Concluding experiments should occur only when the results are statistically significant. ‘Statistical significance’ is the probability that an effect is not due to chance alone – i.e. the likelihood that the experiment will show the same results if re-run under the same conditions. The scientific consensus is that experiments are required to reach 95% statistical significance (at a minimum) to be considered conclusive.

Before we conclude an experiment, we require it to reach the 95% threshold. As well as this, we consider the length of the buying cycle and any relevant buying trends when deciding the minimum amount of time to run a test.

Which metrics should you track?
In terms of measurement, it is not effective to only track the conversion rate of your whole site or a particular channel – you need to keep an eye on other metrics too.

Ultimately, it all comes down to campaign objectives. Make sure you measure whichever key metric is associated with the primary objective of your campaign, but also keep an eye on other top-line metrics, like conversion and revenue. For example, suppose you are running a campaign intending to increase newsletter signups. In that case, you still need to track transactions and revenue to ensure your variations do not negatively impact any of them.

That said, showing restraint when tracking goals is also necessary. Track too many, and you could find yourself in analysis paralysis – having too much information to make a clear decision.

Implementation of winning variations and feeding back learnings

Suppose the experiment you have created has provided a statistically significant increase in conversion. In that case, it stands to reason that you will want to get that variation implemented on your site as soon as possible.

There are two options to achieve this:

  1. Getting your development team to hard code the change on your site
  2. Going for the ‘soft’ implementation option and making the changes via your A/B testing software itself.

Soft implementation should only ever be a temporary option. It is by no means a long term fix and may cause penalisation by search engines for cloaking content – showing different content to visitors and search engines. If you are looking to make a permanent change, it must be hardcoded.

If your experiment has not panned out the way you had hoped – perhaps your variation did not perform as well as the original – all is not lost.
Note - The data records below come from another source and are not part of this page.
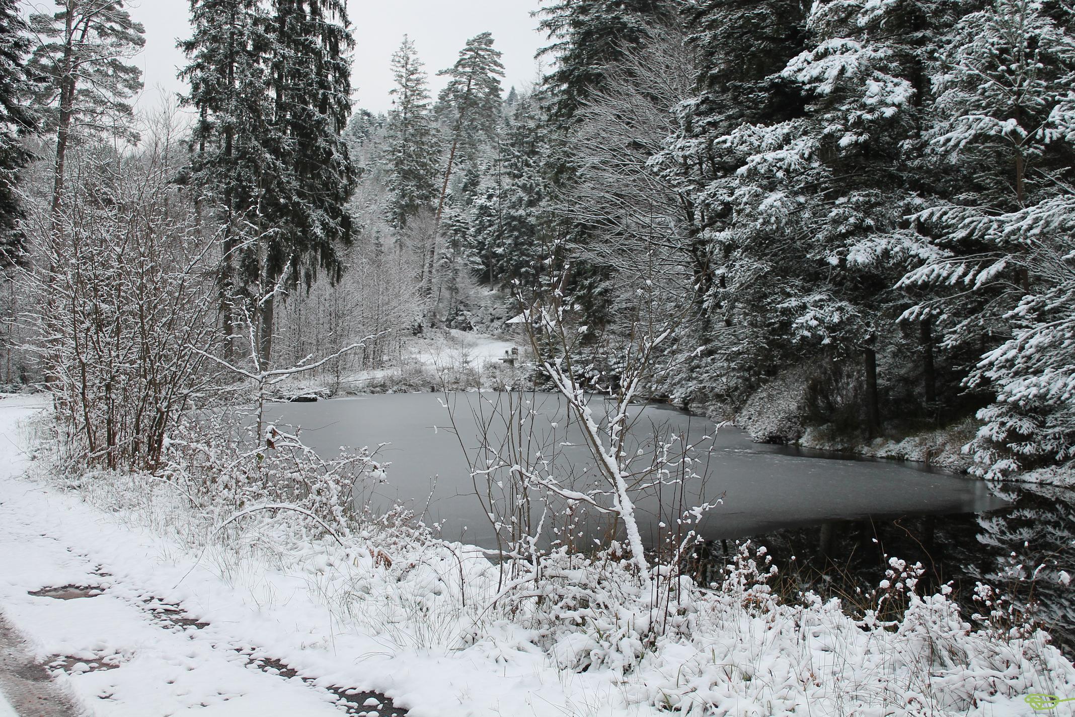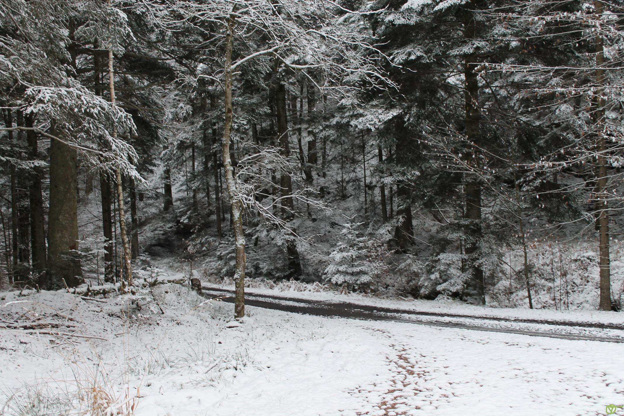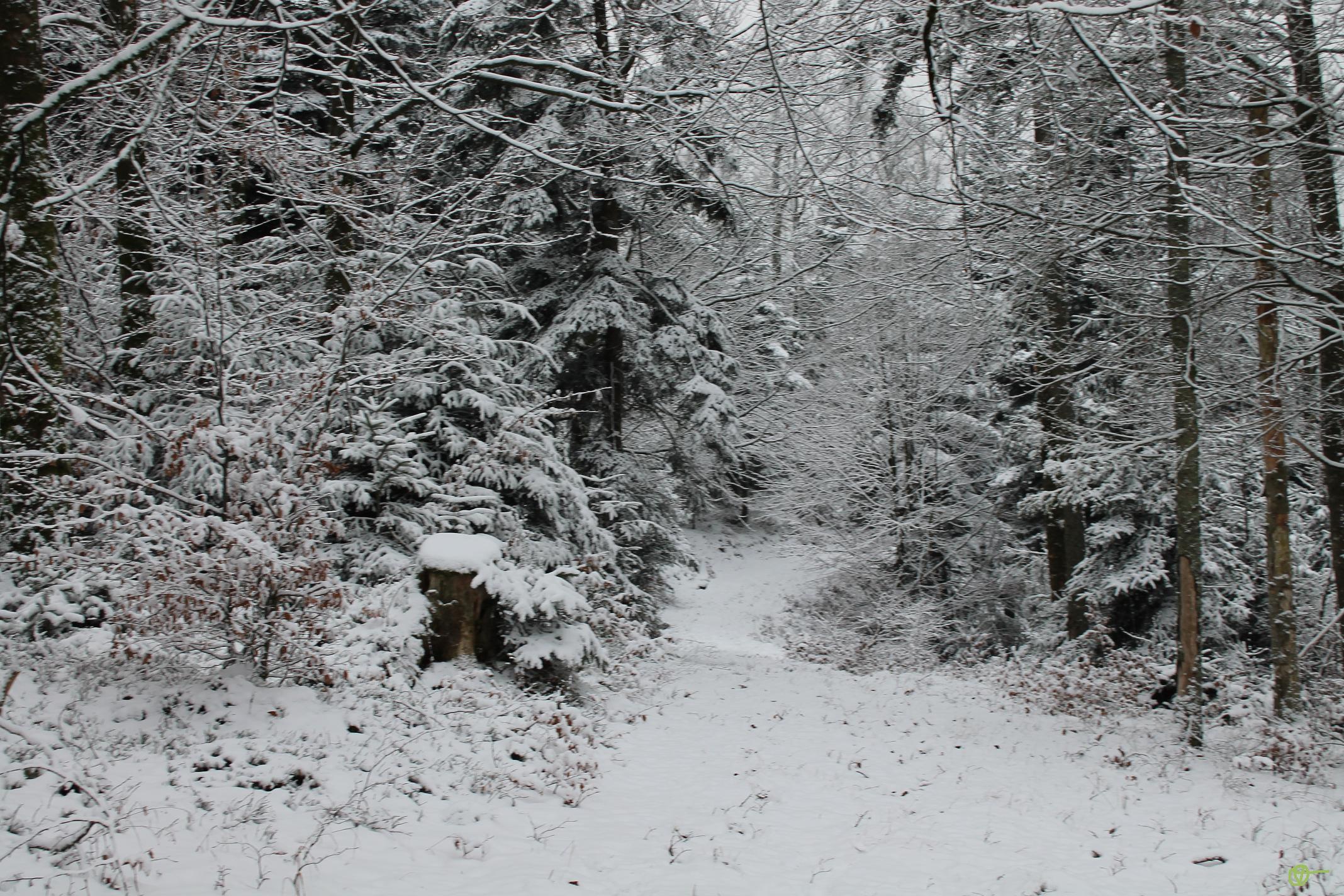 Quelques sapins, façon gaufres saupoudrées de sucre glace.Maison forestière du Coichot.Roches de Quérel.
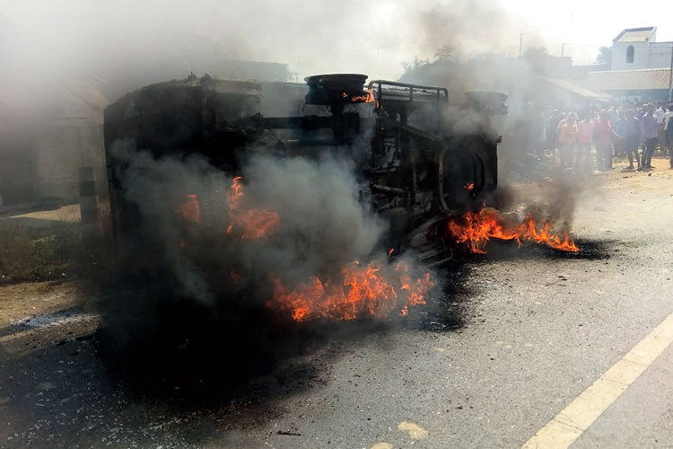 সাইকেলে করে স্কুলে যাচ্ছিল পড়ুয়ারা। নিয়ন্ত্রণ হারিয়ে পিছন থেকে ধাক্কা দেয় একটি ট্রাক। ঘটনাস্থলেই মৃত্যু হয় এক ছাত্রীর। গুরুতর জখম হয় আরও দু’জন। পুলিশের ‘তোলাবাজি’ এড়াতে বেপরোয়া ভাবে পালাতে গিয়ে ট্রাকটি দুর্ঘটনা ঘটিয়েছে, এই অভিযোগে ধুন্ধুমার বেধে গেল মেমারির রাধাকান্তপুরে। রাস্তা অবরোধ, পুলিশের গাড়িতে আগুন, আধিকারিকদের উপরে হামলা হল মঙ্গলবার দুপুরে। বিকেলে অবরোধ তুলতে পুলিশ লাঠি চালায় বলে অভিযোগ।
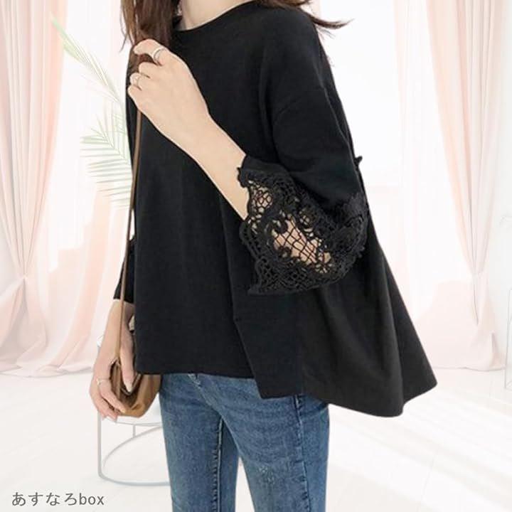 袖や胸元にあしらわれた繊細なレースが、程よい透け感を演出し、通勤やオフィスシーンでもきちんと感を損なわず着用できます。

As we mentioned before, so much of CRO and testing is about accumulated learning. Whatever you have learned from your test can be fed back into the testing plan to inform further experiments.
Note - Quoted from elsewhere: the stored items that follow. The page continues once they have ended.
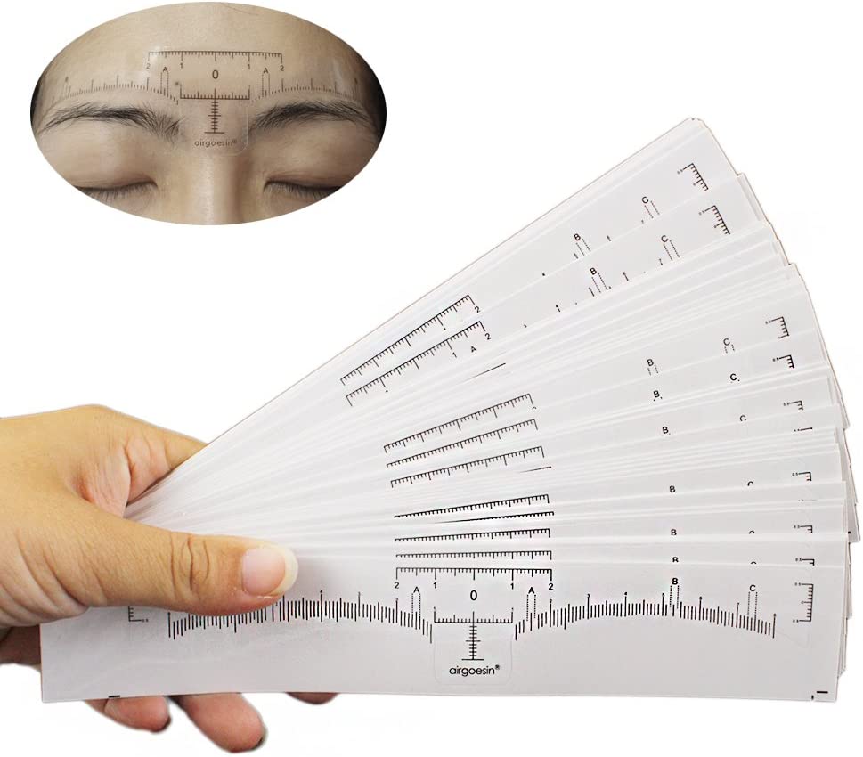 Airgoesin 50pcs Disposable Adhesive Eyebrow Microblading Ruler Guide Sticker Tape Tattoo Template Beauty Tool
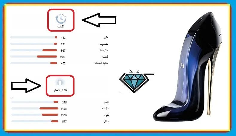 رأيكم في عطر قود جيرل؟ هل عطر جود جيرل ثابت؟ أسئلة كثيرة تدور عن أراء وتجارب مستخدمي عطر Good Girl من كارولينا هيريرا قبل الشراء. الآن سوف نستعرض معكم تقييم مستخدمي العطر الأصلي من حيث ثبات وفوحان وانتشار عطر كارولينا هيريرا الأصلي. البداية مع ثبات العطر وقد حصل على تقييم مرتفع يتراوح بين متوسط إلى ثابت. أما بالنسبة إلى فوحان وانتشار عطر Good Girl فقد حقق أيضاً تقييم مرتفع يتراوح بين متوسط إلى ثقيل. بصورة عامة العطر جيد ومقبول من حيث الثبات والانتشار. عطر ساحر من عند استخدامه يليق بالمرأة القوية الواثقة في نفسها.
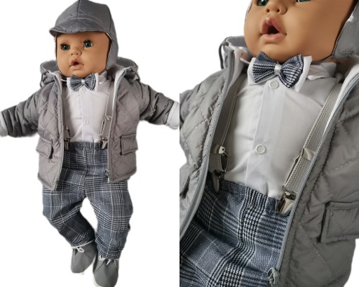 Bardzo bogaty zestaw do chrztu dla chłopca. Modny, utrzymany w modnych kolorach bieli i granatu lub delikatnej szarości. Elegancki, a zarazem z ciekawym elementem w postaci szelek do spodni w różnych kolorach do wyboru.
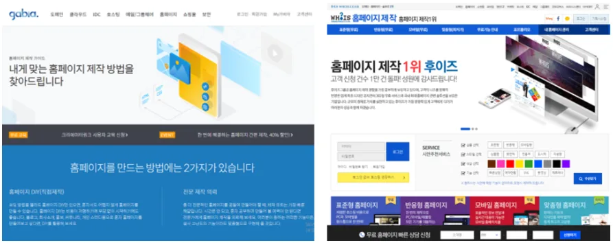 가비아, 후이즈 처럼 도메인판매와 호스팅서비스를 위주로 하다가 고객이 많이 몰리다 보니 웹사이트를 제작하게 되었고 관공서까지 진출 하게 되었습니다. 주로 공공이나 중저가 웹사이트 제작을 합니다. 워드프레스와 같은 자동화 도구를 자동세팅을 해주기도 해서 자동화 도구 영역과 겹치기도 합니다. 디자인 전문성은 낮아서 포트폴리오를 보시면 비슷한 디자인 퀄리티를 보여주고 있습니다. 대량으로 중저가 시장을 공략하다보니 SMS, 실시간 채팅, 결제 등 다양한 웹사이트 도구를 낮은 가격에 제공해 준다는 것이 장점이어서 간단한 중소상공인 홍보용 제작으로 많이 사용됩니다. 그 중 중저가 쇼핑몰에 특화된 호스팅사가 고도몰이나 메이크샵 같은 곳이 있습니다. 쇼핑몰은 복잡해서 솔루션을 보유하고 있는 회사에서 하는 것이 좋습니다. 가격은 전문 웹에이전시와 자동화 도구의 중간 쯤에 해당합니다.
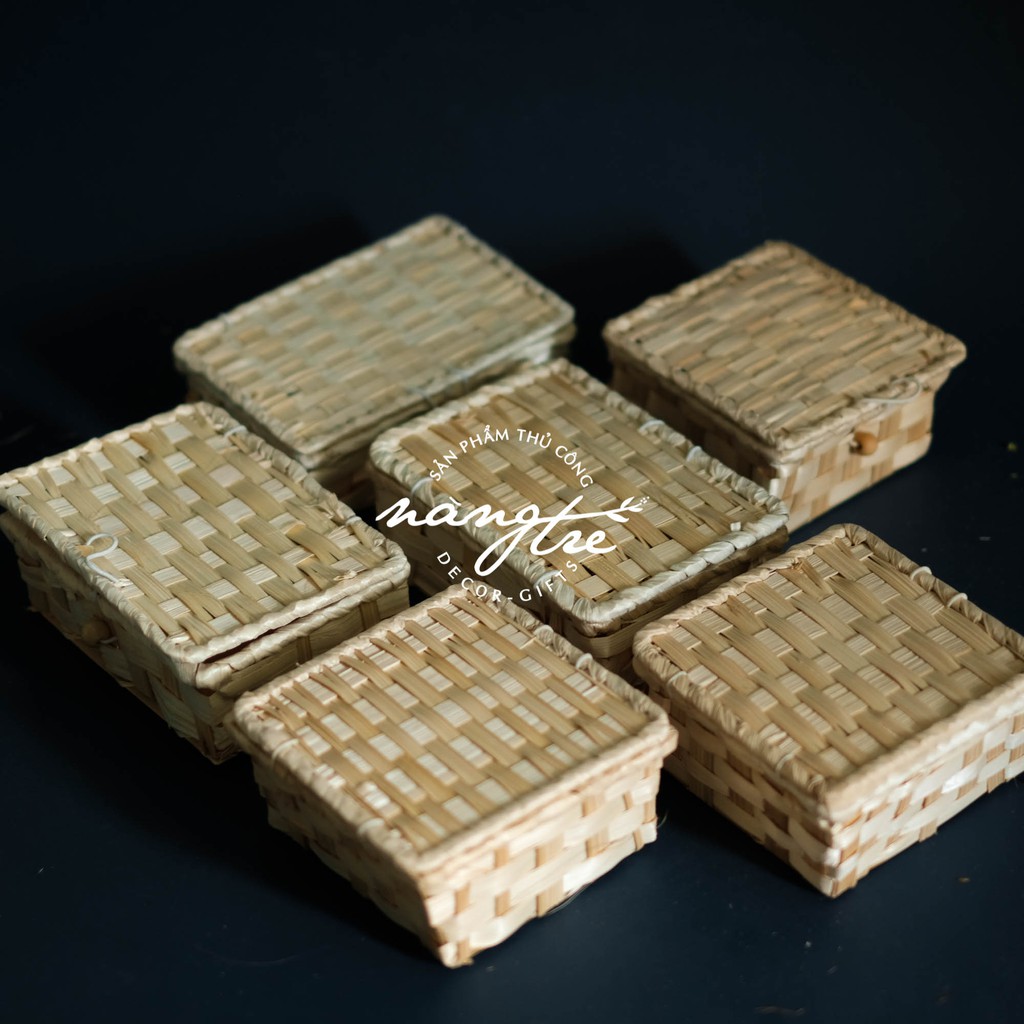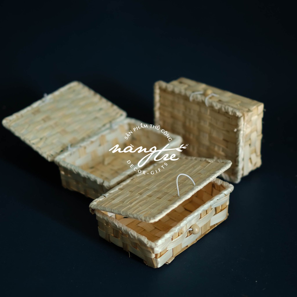 Hộp chữ nhật mini tre đan - Trang trí docer
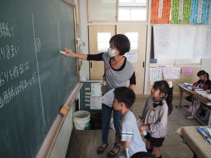 3年1組です。算数の「あまりを考えて」でケーキを箱に入れる問題にトライしていました。
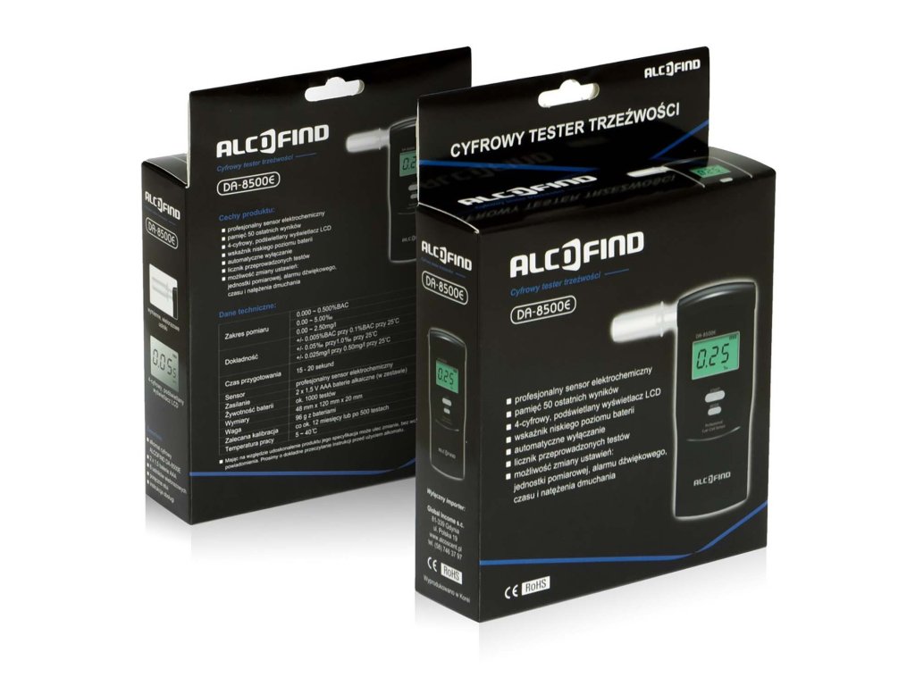 Analizorul de respirație DA 8500 E este un produs apreciat de profesioniștii care așteaptă cea mai înaltă calitate și care îndeplinește cerințe stricte. Noutate în Polonia - compania noastră este singurul distribuitor oficial al acestui model. Fiabilitatea măsurătorii, precizia, durabilitatea - aflați de ce analizatoarele de respirație personale AlcoFind sunt printre cele mai populare testere de alcool din respirație.

Post-experiment segmentation

You can gain important insight from post-experiment segmentation, which allows you to drill down into the experiment data and understand how different segments of the participants behaved.

Most experiments declare a winner when one variation displays a higher conversion rate or average revenue than the original. However, this only tells you which variation converted best on average and only tells you half the story.
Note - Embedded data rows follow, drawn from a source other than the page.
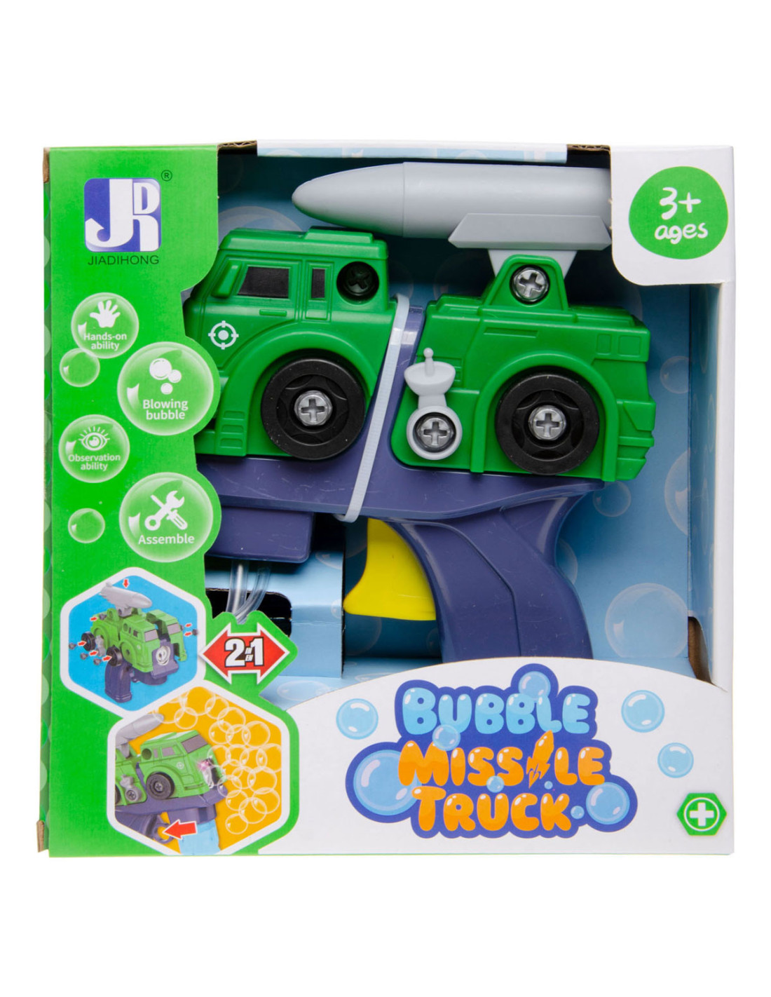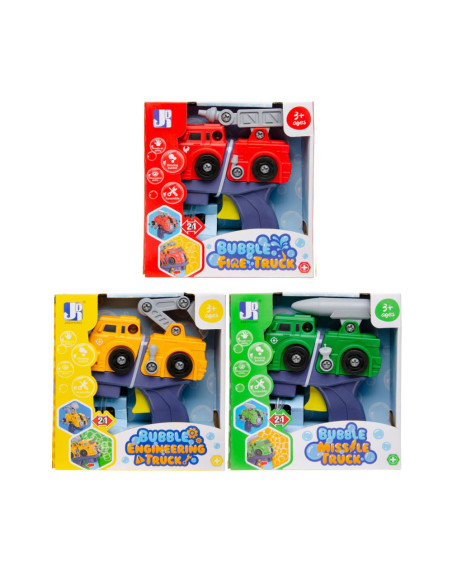 Bellenblaaspistool 2-in-1 met speelgoedvoertuig die zowel op het pistool bevestigd kan worden als los gebruikt kan worden om mee te spelen. Afmetingen: 21 x 20 x 7.5 centimeter. Gemaakt van kunststof. Geschikt vanaf 3 jaar.
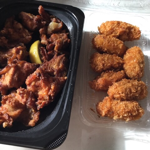 昼食:唐揚げ、カキフライ
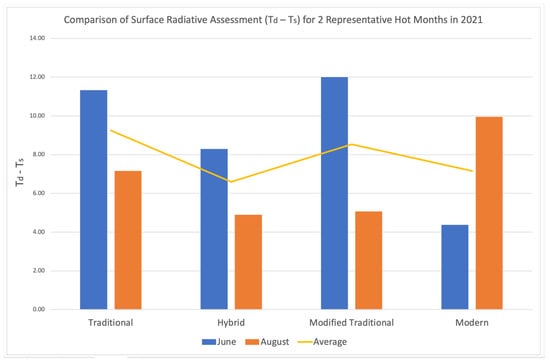 Comparison of surface radiative assessment for two representative hot months in the summer of 2021 showing a higher average for traditional roofs. NB High emission = low transmission.

For example, Variation A might look like it converts 10% better overall than all other variations. Post-experiment segmentation might show that Variation A converts 20% worse for all iPad users and that on different devices, it converts even better than 10%.

With this knowledge, you might choose to serve iPad users a different variation than other devices, generating an even better conversion rate overall.

This data can again be fed into subsequent experiments and can be used to help you serve tailored content to specific audiences.

Remember that no website is ever fully optimised. It is also important not to rest on your laurels. Things change over time, and it may be that your winning variation will need revisiting further down the line to ensure its long term validity.